James Gerrard
London is a city that hides its ancient face well, yet not far from where I now live there is a remarkable series of placenames: Penge, Leatherhead, Addiscombe, Caterham, Chertsey, Wallington, Walton-on-Thames, West Wickham and Croydon. All of these names include Celtic or Latin elements that point to a continuity of placename from the Roman period or before down to the present day.’ Such names are very rare as there was an almost wholesale replacement of placenames in England (and particularly the east) during the early mediaeval period (AD400-700). These names set me thinking a little about other place names and just down the railway line from Croydon is a suburb of London called Brockley.
Brockley means something like ‘badger’s wood’.’ Not a very exciting placename on the face of it and a reminder of a time when London was not the great urban sprawl it has become over the last two centuries.
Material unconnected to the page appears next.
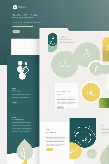 Концепты страниц сайта, созданные Leonarado ai по промпту Create a website design for a company that promotes mental health and self awareness. The website should be minimalistic and easy to navigate. invoking the feelings of hapiness, security and acceptance. The color scheme is dark green, light green, bright yellow and beige. No sharp edges, the shapes should be round and promote kindness.
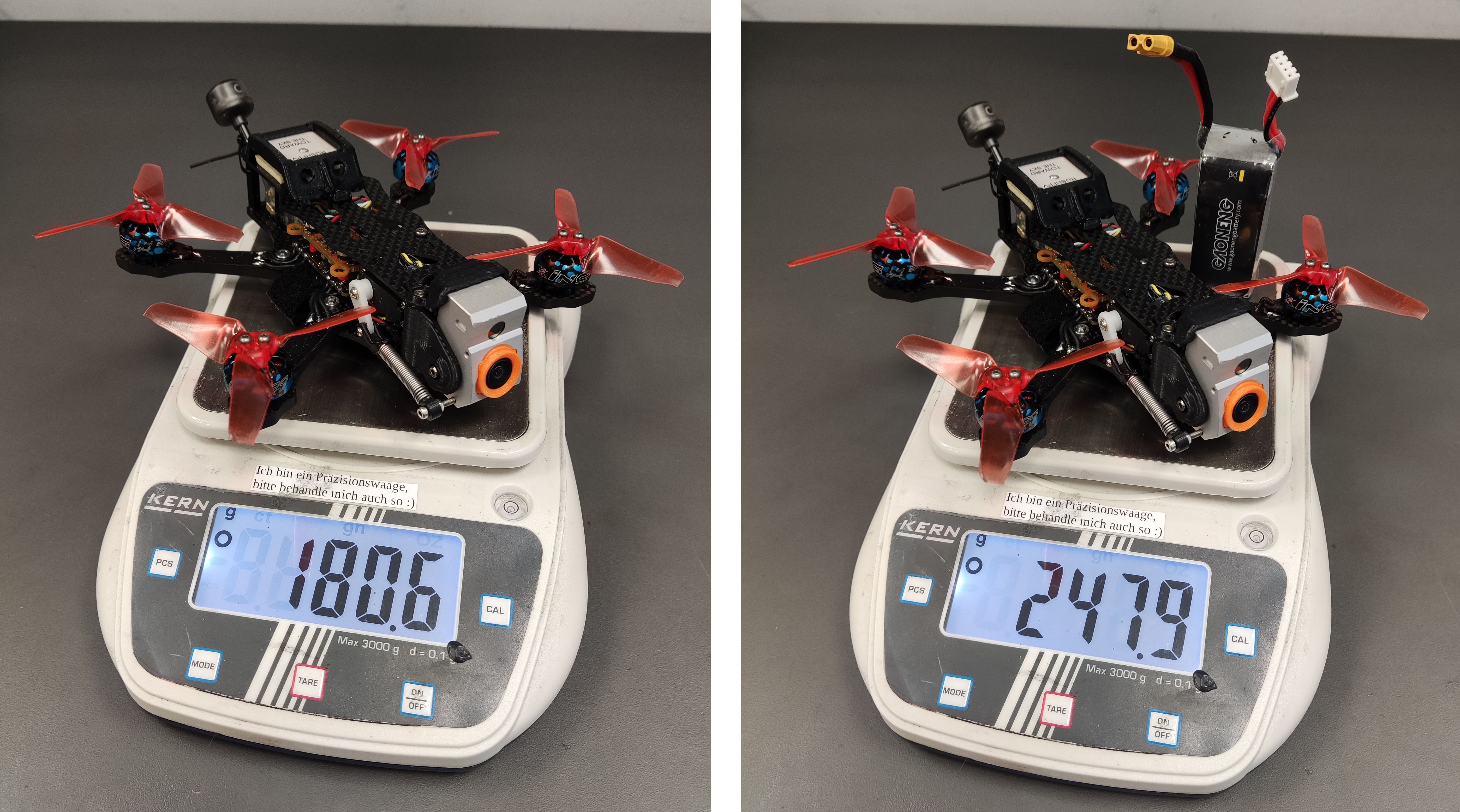 Finally we reached a weight of 180.6g without battery. With a 3S battery it’s still beneath 250g. Sufficient for a flight time of up to 8 minutes.

However, the `brook’ element (meaning badger and still in dialect use) comes from the Old English brocc, which is itself one of only a handful of Celtic loanwords into Old English.’
During the aftermath of the Fall of Rome, people moved across the North Sea from what is now northern Germany and Denmark. The scale of that population movement and its consequences are fiercely debated but it did lead to an almost total linguistic shift: English is a Germanic language, unlike the Romance languages of France and Spain for instance. Recent research has suggested that one explanation for the lack of Celtic words being borrowed by the Anglo-Saxons lies in the fact that both societies were essentially very similar. You only borrow words from another language for things you are not familiar with. One example of this (although whether it’s true lies obscured by layers of myth) comes from Captain Cook’s voyage to Australia in 1770. Apparently, Cook saw a peculiar creature, asked a local what the beast was called and the local replied, ‘I don’t know’ or kangaroo!
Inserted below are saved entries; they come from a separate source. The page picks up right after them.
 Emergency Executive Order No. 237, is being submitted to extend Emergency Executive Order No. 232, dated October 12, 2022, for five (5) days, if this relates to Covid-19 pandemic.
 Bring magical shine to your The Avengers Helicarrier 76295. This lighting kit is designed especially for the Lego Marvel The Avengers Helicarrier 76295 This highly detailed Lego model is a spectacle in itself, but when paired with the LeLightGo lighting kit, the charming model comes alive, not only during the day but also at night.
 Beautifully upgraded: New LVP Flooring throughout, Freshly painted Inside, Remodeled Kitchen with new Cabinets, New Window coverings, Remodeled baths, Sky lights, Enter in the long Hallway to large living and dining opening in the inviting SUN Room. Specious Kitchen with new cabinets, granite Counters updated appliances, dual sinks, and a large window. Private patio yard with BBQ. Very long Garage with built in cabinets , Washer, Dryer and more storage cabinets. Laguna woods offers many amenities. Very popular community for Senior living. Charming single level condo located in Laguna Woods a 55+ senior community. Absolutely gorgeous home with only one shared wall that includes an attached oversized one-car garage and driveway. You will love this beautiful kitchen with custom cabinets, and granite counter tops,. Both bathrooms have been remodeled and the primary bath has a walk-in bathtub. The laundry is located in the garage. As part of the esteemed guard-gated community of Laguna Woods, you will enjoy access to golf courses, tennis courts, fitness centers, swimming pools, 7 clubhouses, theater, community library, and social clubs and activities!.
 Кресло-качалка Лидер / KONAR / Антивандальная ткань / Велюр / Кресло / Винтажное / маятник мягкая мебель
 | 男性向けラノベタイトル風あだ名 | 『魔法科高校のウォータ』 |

So were the Germanic peoples entering eastern Britain in the fifth and sixth centuries unfamiliar with badgers? Badgers exist in continental Europe and modern German has a word, dachs, which means badger and gives us dachshund or ‘badger dog’. However, British soils support a far higher population of earthworms (a badger’s main foodstuff) than continental soils. This is apparently due to Britain’s maritime (for which read wet) climate. This means that badgers, reclusive nocturnal animals, live in Britain in far higher numbers and in larger individual groups than they do on the continent. If we then look at somewhere like Denmark, where some of the migrants may have originated, the soils are quite sandy and acidic. Earthworms dislike acidic soils and fewer earthworms means less badgers.
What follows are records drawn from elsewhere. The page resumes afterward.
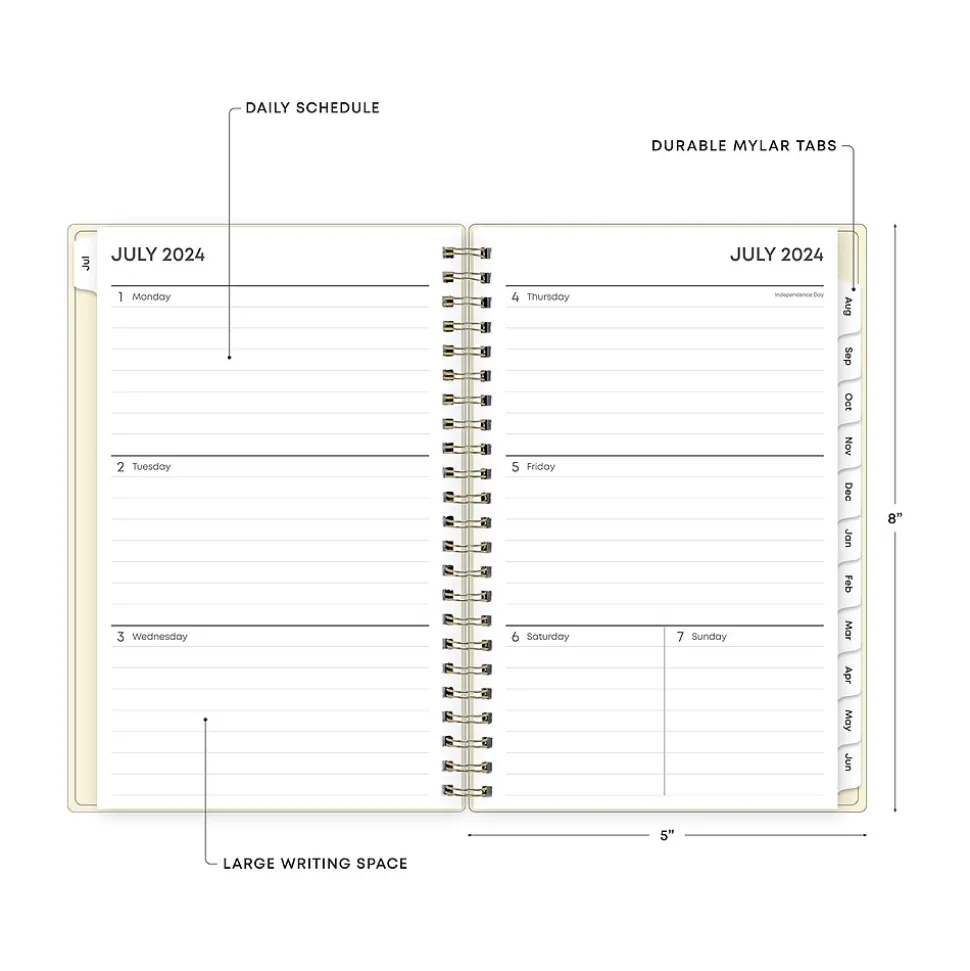 - Features two-page weekly and monthly spreads with space for notes and quick reference calendars
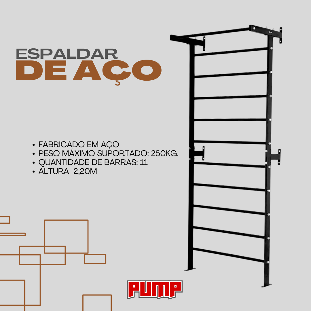 O espaldar conta com um design fixo que oferece segurança durante o uso, ideal para profissionais de educação física e entusiastas do esporte.
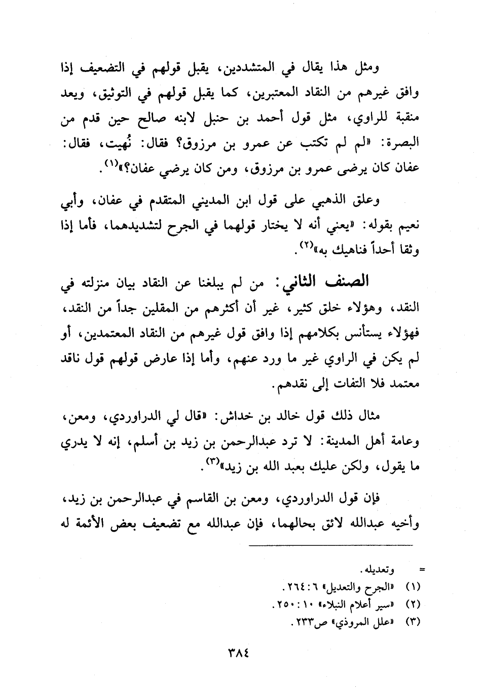 الصنف الثاني: من لم يبلغنا عن النقاد بيان منزلته في النقد، وهؤلاء خلق كثير، غير أن أكثرهم من المقلين جدا من النقد، فهؤلاء يستأنس بكلامهم إذا وافق قول غيرهم من النقاد المعتمدين، أو لم يكن في الراوي غير ما ورد عنهم، وأما إذا عارض قولهم قول ناقد معتمد فلا التفات إلى نقدهم.

I am not trying to say that there were no badgers in the regions where the Anglo-Saxons came from, rather that during the fifth and sixth centuries the odds of seeing a badger were that much less in Jutland. Hence, one of the differences between living there and living here was that you saw more badgers and in greater numbers. Perhaps this is what led to the Celtic word for badger being borrowed into Old English.
1 Gelling, M. 1993 ‘Why aren’t we speaking Welsh?’. Anglo-Saxon Studies in Archaeology and History 6, 51-56. Pg 51
2 Mills, A, 1998 Dictionary of English Placenames. Oxford, Oxford University Press, Pg 58
3 The modern word ‘badger’ is apparently a fairly late term stemming from either the animal’s `bag’ shape or its facial markings or ‘badge’.